Kaufhäuser in Not

Konsumtempel bangen um Zukunft / Jobs bleiben auf der Strecke

  • Manfred Wieczorek
  • Lesedauer: 2 Min.
Sie sammelten Unterschriften, demonstrierten und verklebten die Schaufenster ihrer Warenhäuser, um zu zeigen, wie öde die Innenstadt ohne Kaufhaus wäre. Betriebsräte und Mitarbeiter von Karstadt ließen nichts unversucht, um ihre Arbeitsplätze zu retten. Doch alles half nichts, am Dienstag musste der Mutterkonzern Arcandor Insolvenz anmelden. Damit stehen erneut einschneidende Veränderungen bei Karstadt bevor. Ohnehin stellt sich die Frage nach der Zukunft der großen Konsumtempel.

Zunächst hatte Karstadt in großem Stil eingekauft: Hertie und damit auch Wehmeyer sowie SinnLeffers wurden übernommen. Der Name Hertie verschwand. Dann die Kehrtwende. Wehmeyer und SinnLeffers wurden verkauft, kleinere Karstadt-Häuser ausgegliedert, zunächst weiterbetrieben und dann ebenfalls verkauft.

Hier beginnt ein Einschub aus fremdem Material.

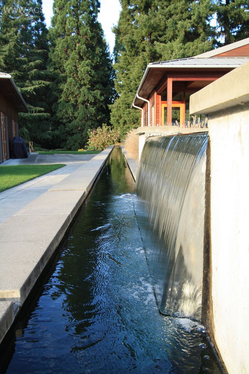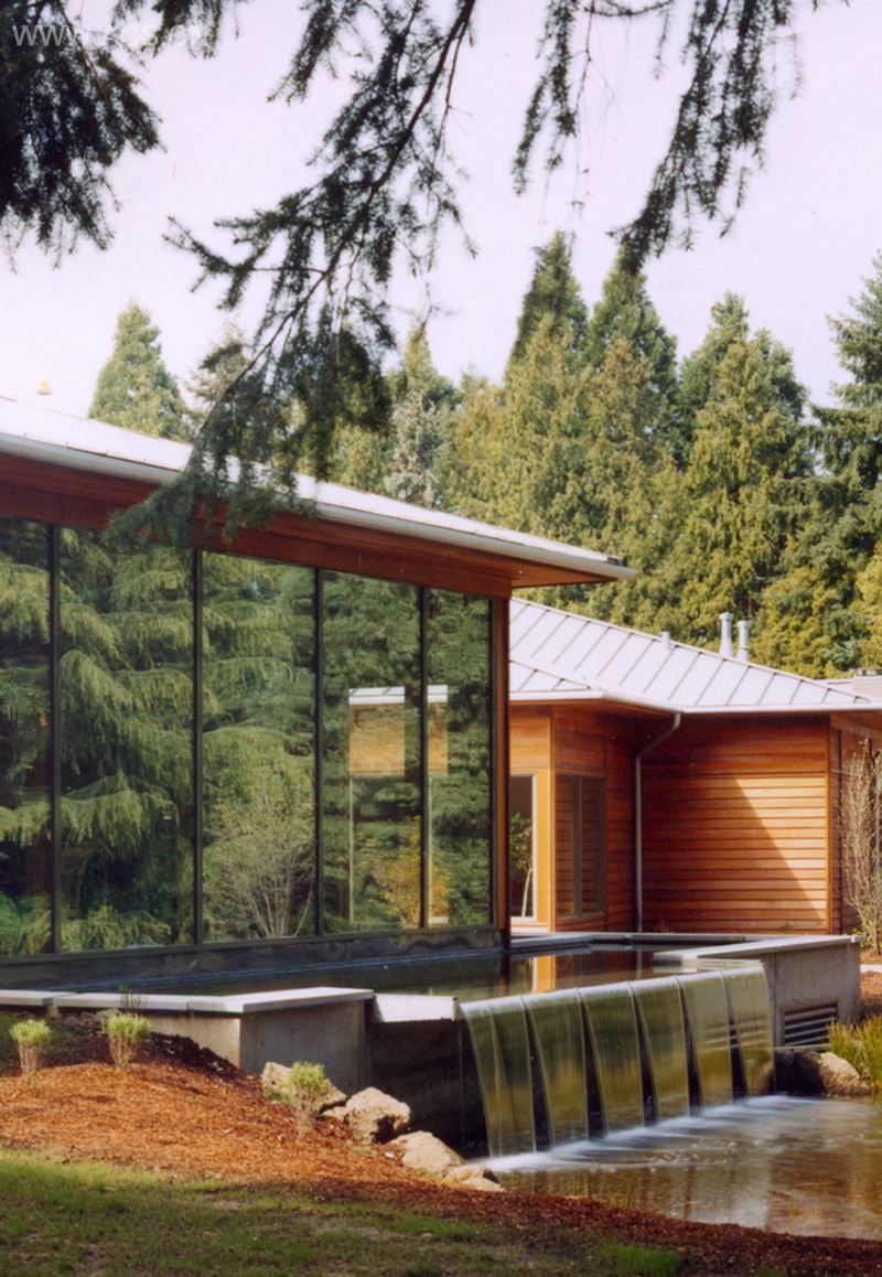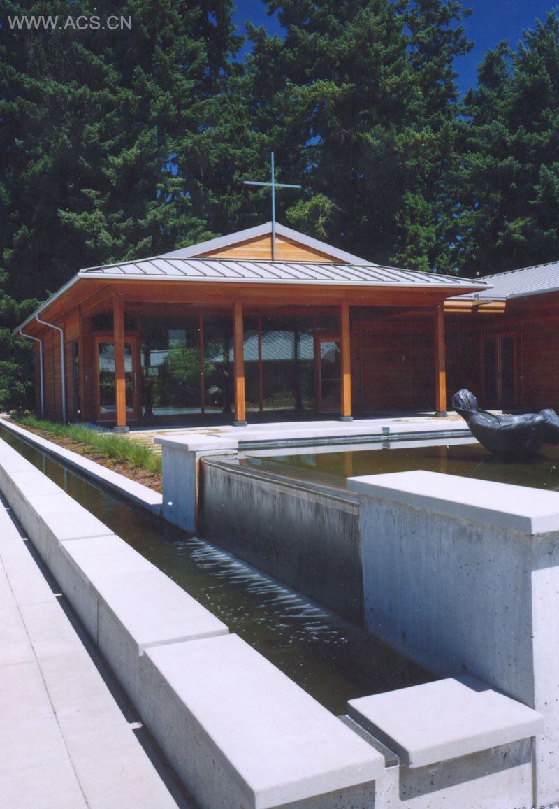 这个2.6公顷、位于美国俄勒冈州波特兰的园区在属于耶稣会(Jesuits)超过一个世纪的年岁中充当过多种多样的角色,而如今,它被当做一个静修中心依然存在着。在2003年,这个园区内原本的建筑被拆除,取而代之的是4栋新建建筑,作为耶稣会俄勒冈州省级总部。项目所在地北半部历史遗留下来的花园使得这里被指定为波特兰市历史资源保护地。Jesuits希望在保留下这个花园的同时能够为这4栋建筑——一栋办公楼,2栋住宅楼和一栋包含了礼拜堂和会议室的综合楼打造新园区。这个项目有着大量的景观种植以保证新旧和谐融合。与礼拜堂前方广场毗邻的水池是这个项目水元素的所在点,这里同时也是这个园区的精神象征。水池通过一条通道环绕着礼拜堂,礼拜堂后是一个大型的水坝。水流从水坝上倾泻而下,注入那处具有历史意义的花园角落的天然水池中。

Unter dem Namen Hertie machten sie weiter. Bei all diesen Umstrukturierungen blieben Arbeitsplätze auf der Strecke.

Entweder teuer oder billig – das galt lange als Erfolgsrezept. Bei Karstadt setzte man auf teuer, konzentrierte sich auf Städte mit überdurchschnittlicher Kaufkraft. Und scheiterte. Doch auch die Karte »billig« sticht nicht mehr: Woolworth musste Insolvenz anmelden. Überleben könnten die mittelgroßen Filialen mit 1000 bis 1500 Quadratmetern Verkaufsfläche, die kleinen Läden könnten unter anderem Namen weitermachen. Nach der Woolworth-Übernahme durch den britischen Finanzinvestor Argyll Partners im Frühjahr 2007 mussten rund 3000 Mitarbeiter gehen.

SinnLeffers und Wehmeyer sind momentan aus den Schlagzeilen verschwunden. Doch das bedeutet keineswegs eine gesicherte Zukunft: SinnLeffers hat die Zahl seiner Häuser auf 24 reduziert und nur die in den besten Lagen behalten. Wo immer es ging, wurden die Mietzahlungen gedrückt. Wehmeyer wurde von einem indischen Textilhändler übernommen und will mit Eigenmarken überleben. Die verbliebenen 900 Arbeitsplätze sollen mehr als halbiert werden.

Und Hertie? Hier versuchen die Bürgermeister der Hertie-Städte gemeinsam mit Betriebsräten und der Gewerkschaft ver.di die 54 Standorte zu retten. Doch schon im Sommer sollen die Häuser ihre Türen für immer schließen und 2600 Menschen ihre Jobs verlieren.

»Wir wollen keine Staatshilfe. Was wir wollen, sind Mietverträge«, sagt Hertie-Gesamtbetriebsratsvorsitzender Bernd Horn. Doch genau die will Hertie-Eigner Dawnay Day nicht geben. Und wenn, dann zu horrend hohen Preisen. Dawnay Day braucht Geld, schließlich hat man sich bei Aktiengeschäften verhoben. Das Geld für den Einstieg bei Hertie war von der Deutschen Bank geliehen. Deshalb haben Bürgermeister und Betriebsräte das Geldinstitut um Hilfe gebeten. Die Bank hatte am Dienstag zugesichert, einen Gipfel mit den Eigentümern der Gebäude, dem Insolvenzverwalter und möglichen Investoren zu organisieren.

Kaufhof schließlich scheint mit seinem Konzept Erfolg zu haben und schickt sich sogar an, den Konkurrenten Karstadt zu übernehmen. Die zum Metro-Konzern gehörenden Häuser schreiben schwarze Zahlen. Doch das ändert nichts daran, dass klassische Warenhäuser seit den 1970er Jahren an Bedeutung verlieren. Shoppingcenter mit unterschiedlichen Fachhändlern unter einem Dach sind der Trend. Seit den frühen 90ern hat sich ihre Zahl auf über 400 mehr als vervierfacht.